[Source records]
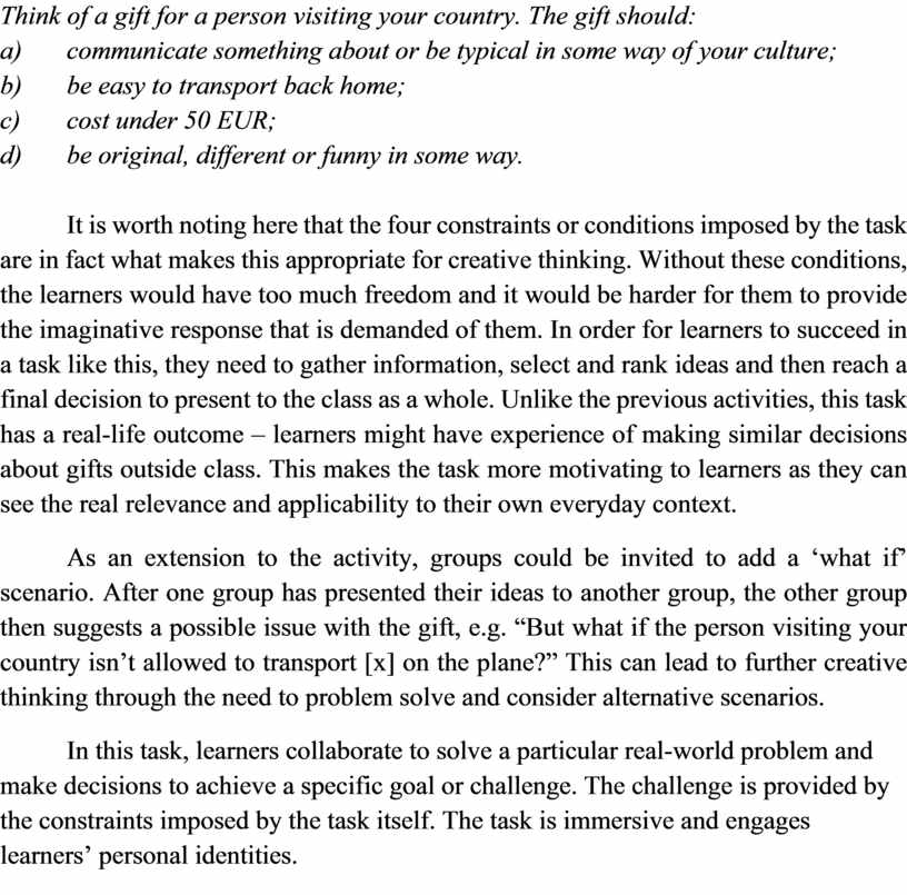It is worth noting here that the four constraints or conditions imposed by the task are in fact what makes this appropriate for creative thinking. Without these conditions, the learners would have too much freedom and it would be harder for them to provide the imaginative response that is demanded of them. In order for learners to succeed in a task like this, they need to gather information, select and rank ideas and then reach a final decision to present to the class as a whole. Unlike the previous activities, this task has a real-life outcome – learners might have experience of making similar decisions about gifts outside class. This makes the task more motivating to learners as they can see the real relevance and applicability to their own everyday context.
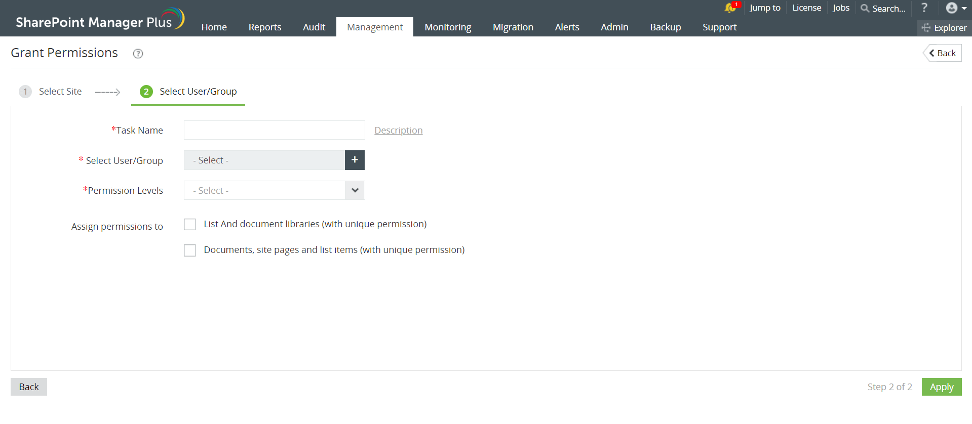 - 点击应用以启动管理任务。
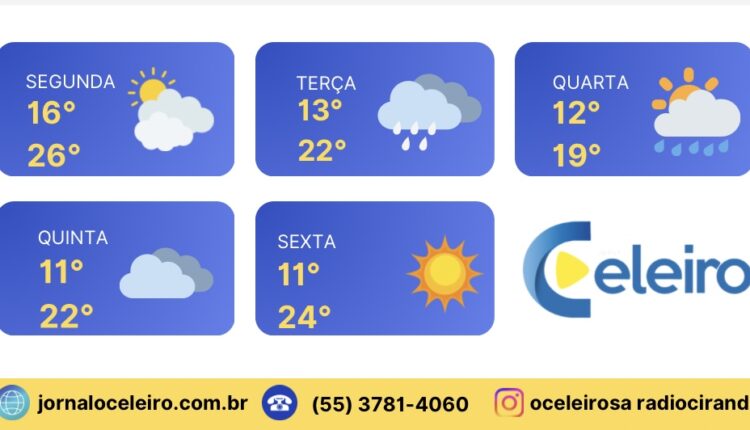 A previsão indica uma semana de variação no tempo, com momentos de chuva e períodos de sol, mas sem grandes extremos de temperatura na Região Celeiro.
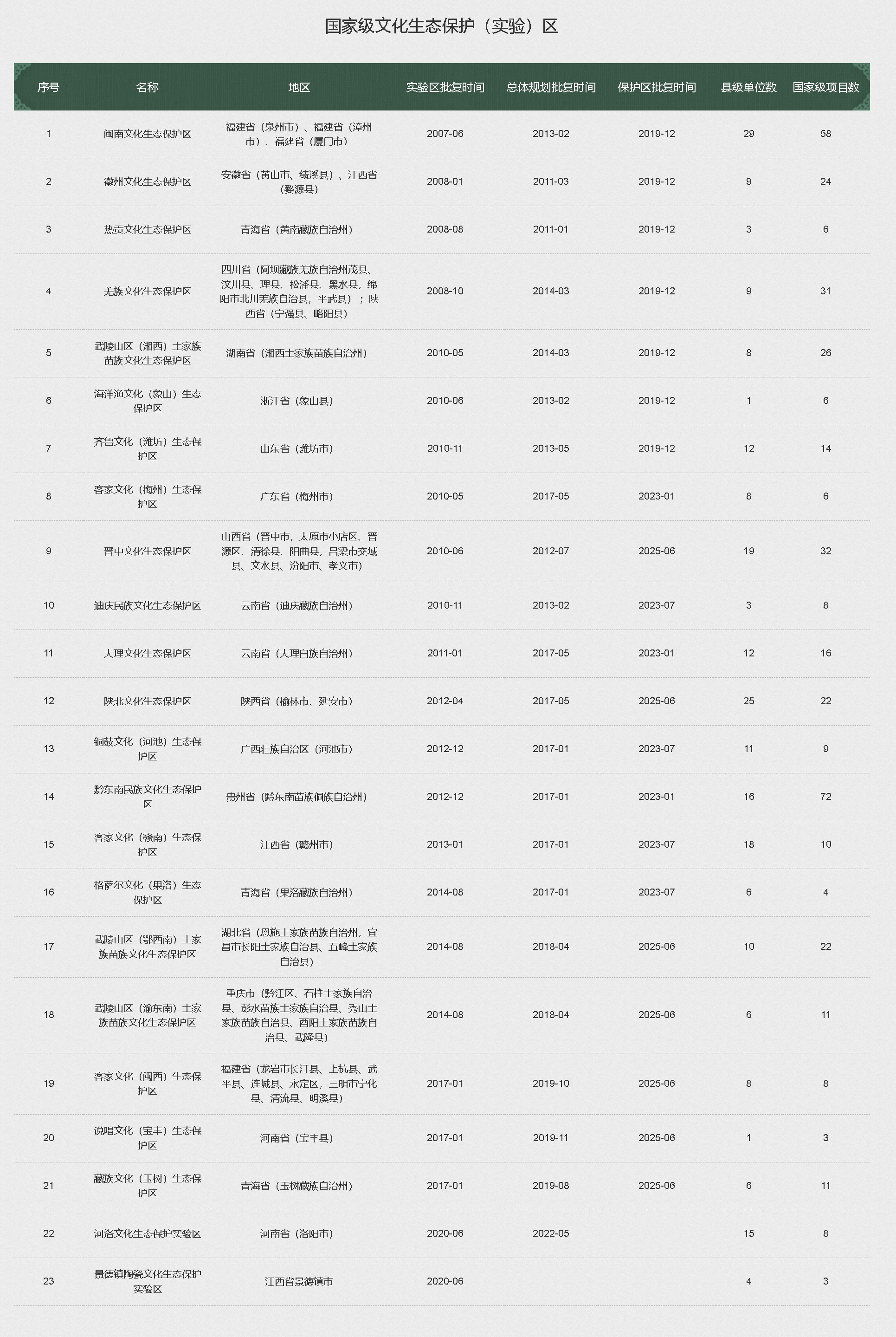 國家級文化生態(tài)保護(hù)區(qū)是指以保護(hù)非物質(zhì)文化遺產(chǎn)為核心,對歷史文化積淀豐厚、存續(xù)狀態(tài)良好、具有重要價(jià)值和鮮明特色的文化形態(tài)進(jìn)行整體性保護(hù),經(jīng)文化和旅游部同意設(shè)立的特定區(qū)域。設(shè)立文化生態(tài)保護(hù)區(qū),是我國獨(dú)具特色的非遺保護(hù)制度。
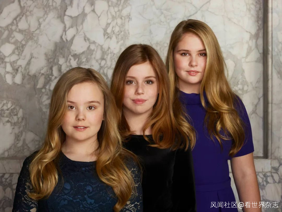 威廉·亞歷山大和馬克西瑪的三個女兒,從左到右分別是:阿麗亞娜公主、亞歷克西亞公主和奧蘭治公主

• [THE PROBLEM]
Only the lines from the one with "- 点击应用以启动管理任务。" through the last line above belong in the answer. Reproduce them exactly, without the pictures.

• [SOLUTION TO THIS TASK]
 - 点击应用以启动管理任务。
 A previsão indica uma semana de variação no tempo, com momentos de chuva e períodos de sol, mas sem grandes extremos de temperatura na Região Celeiro.
 國家級文化生態(tài)保護(hù)區(qū)是指以保護(hù)非物質(zhì)文化遺產(chǎn)為核心,對歷史文化積淀豐厚、存續(xù)狀態(tài)良好、具有重要價(jià)值和鮮明特色的文化形態(tài)進(jìn)行整體性保護(hù),經(jīng)文化和旅游部同意設(shè)立的特定區(qū)域。設(shè)立文化生態(tài)保護(hù)區(qū),是我國獨(dú)具特色的非遺保護(hù)制度。
 威廉·亞歷山大和馬克西瑪的三個女兒,從左到右分別是:阿麗亞娜公主、亞歷克西亞公主和奧蘭治公主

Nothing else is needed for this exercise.